We postulated that a considerable part of bisulfite reads was aligned with methylation islands associated with gene promoter regions. We thus annotated eeSNVs within 1500bp upstream of the transcription starting codon, and obtained genes with these eeSNVs, which are significantly prevalent in certain groups. When comparing HCC vs. normal control cells, two genes PRMT2, SULF2 show statistically significant mutations in HCC cells (P-values < 0.05). Downregultion of PRMT2 was previously associated with breast cancer [32], SULF2 was known to be upregulated in HCC and promotes HCC growth [33]. When comparing HCC subgroup I vs. II, CTBP2 is significantly mutated (P-value = 0.01) in subgroup I. CTBP2 is a transcriptional co-repressor that promotes cancer cell migration and invasion by inhibiting tumor suppressor genes, and was previously associated with worse prognostic in HCC [34].
Discussion
Using GE to accurately analyze scRNA-seq data has many challenges, including technological biases such as the choice of the sequencing platforms, the experimental protocols and conditions. These biases may lead to various confounding factors in interpreting GE data [5]. SNVs, on the other hand, are less prone to these issues given their binary nature. In this report, we demonstrate that eeSNVs extracted from scRNA-seq data are ideal features to characterize cell subpopulations. Moreover, they provide a means to examine the relationship between eeSNVs and gene expression in the same scRNA-seq sample.
eeSNVs have improved accuracy on identifying tumor single-cell subpopulations
The process of selecting eeSNVs linked to GE allows us to identify representative genotype markers for cell subpopulations. We speculate the following reasons attributed to the better accuracies of eeSNVs compared to GE. First, eeSNVs are binary features rather than continuous features like GE, thus eeSNVs are more robust at separating subpopulations. We have noticed that SNVs are less affected by batch effects (Suppl. Figure S7). Secondly, LASSO penalization works as a feature selection method and minimizes the spurious SNVs (false positive) from the filtered set of eeSNVs. Thirdly, since eeSNVs are obtained from the same samples as scRNA-seq data, they are more likely to have biological impacts, and this is supported the observation that they have high prevalence of dbSNP annotations.

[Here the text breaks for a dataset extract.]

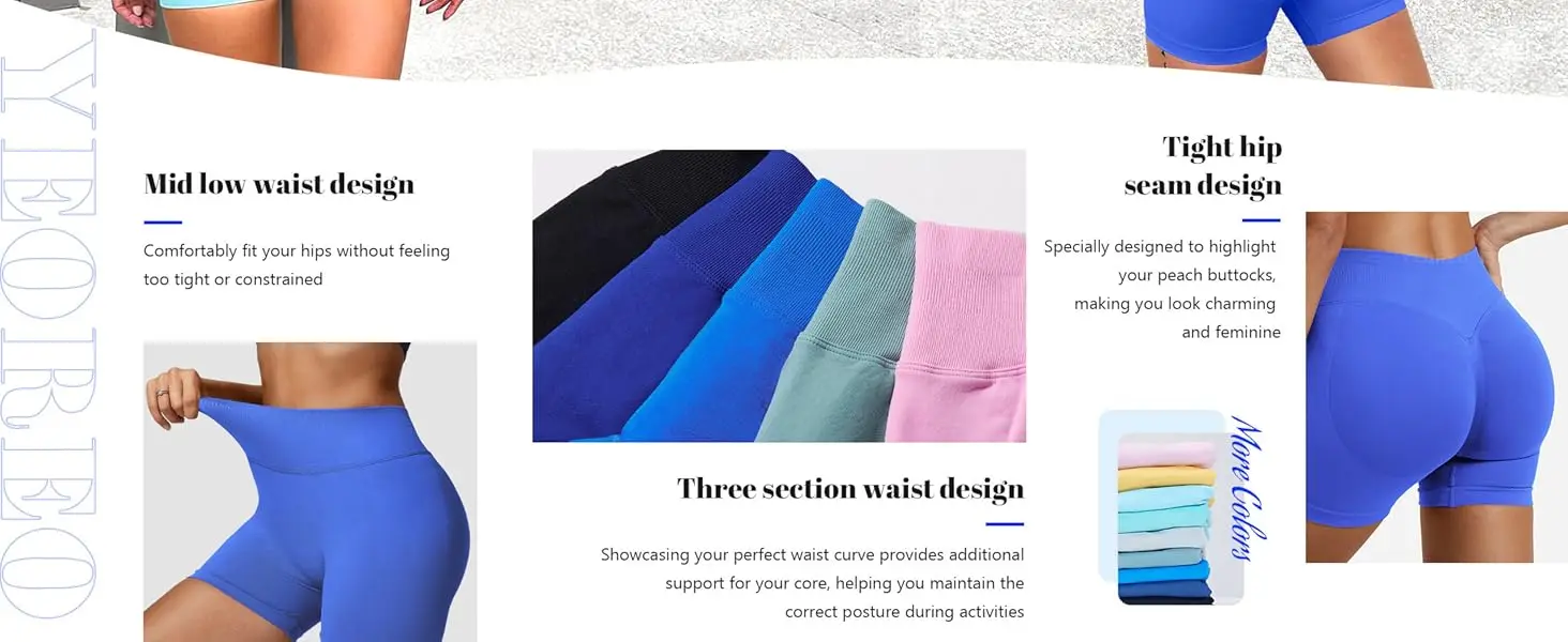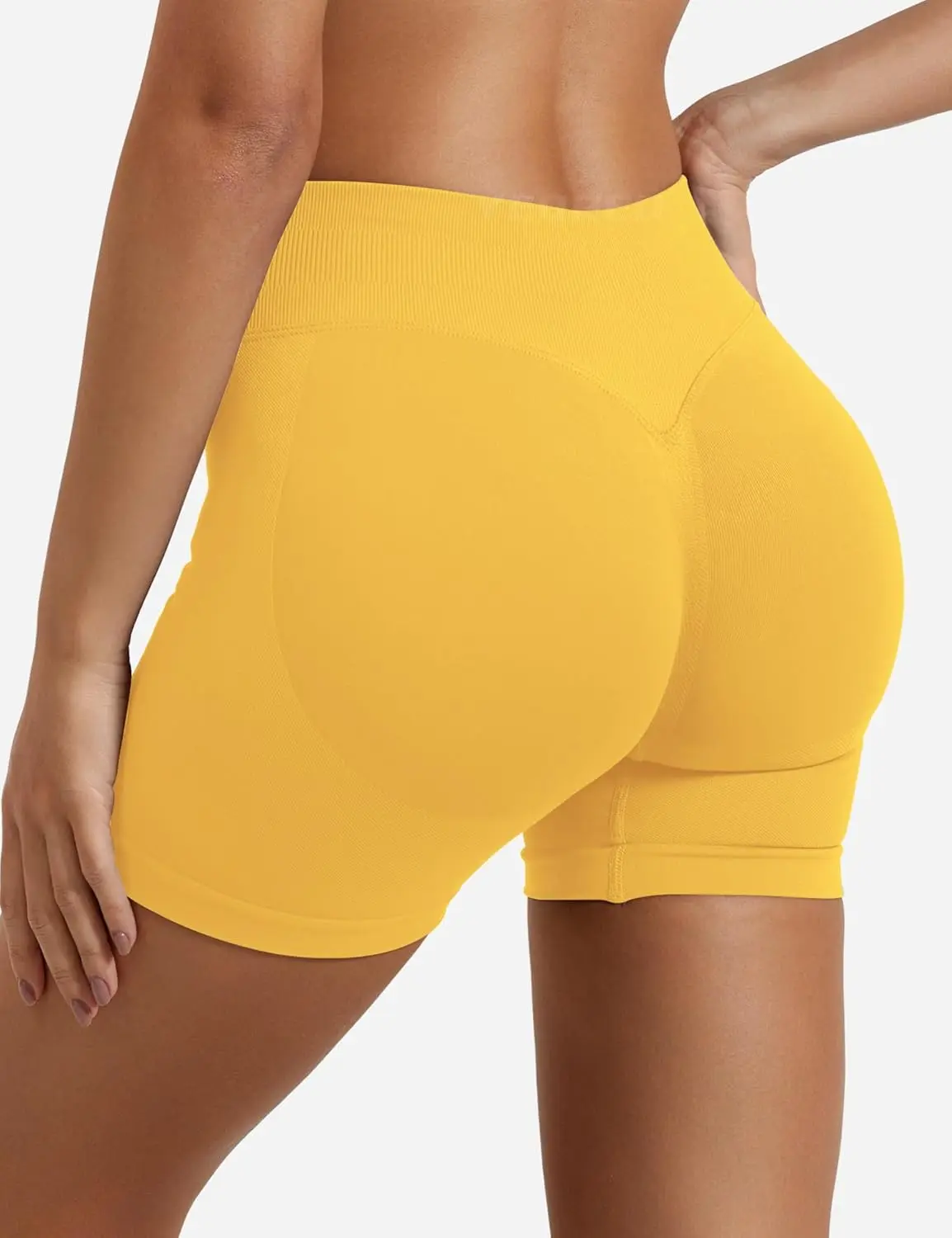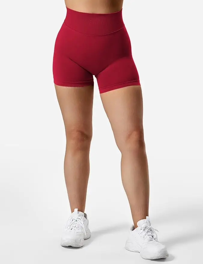 Impact Gym Shorts Women Fitness Sports Biker Shorts 4.5″ Low Ribbed Band Yoga Shorts Workout Scrunch Butt Seamless Leggings

A small number of eeSNVs can be used to discriminate distinct single-cell subpopulations, as compared to thousands of genes that are normally used for scRNA-seq analyses. Taking advantage of the eeSNV-GE relationship, a very small number of top eeSNVs still can clearly separate cell subpopulations of the different datasets (eg. 8 eeSNV features have decent accuracy for Kim dataset). Moreover, our SSrGE package can be easily parallelized and process each gene independently. It has the potential to scale up to very large datasets, well-poised for the new wave of scRNA-seq technologies that can generate thousands of cells at one time [35]. One can also easily rank the eeSNVs and the genes harboring them, for the purpose of identifying robust eeSNVs as genetic markers for a variety of cancers.
eeSNVs highlight genes linked to cancer phenotypes
SSrGE uses an accumulative ranking approach to select eeSNVs linked to the expression of a particular gene. Particularly, HLA class I genes (HLA-A, HLA-B and HLA-C) are top-ranked for the three human datasets, and they contribute to “antigen processing and presentation pathway”, the most enriched pathways of the four datasets. HLA has amongst the highest polymorphic genes of the human genome [36], and the somatic mutations of genes in this family were reported in the development and progression of various cancers [37,38]. HLA genes with eeSNVs could be used as fingerprints to characterize the cellular state of the cancer cells. B2M, another gene with top-scored eeSNVs in Ting and Patel datasets, is also known to be a mutational hotspot [39]. It is directly linked to immune response as tumor cell proliferation [37,39]. Many other top-ranked genes, such as KRAS and SPARC, were reported to be driver genes in the original studies of the different dataset. Thus, it is reasonable to speculate that SSrGE is capable of identifying some driver genes. However, SSrGE may miss some driver mutations, since its primary goal is to identify a minimal set of eeSNV features by LASSO penalization and LASSO may select one of those highly correlated SNV features that correspond to GE.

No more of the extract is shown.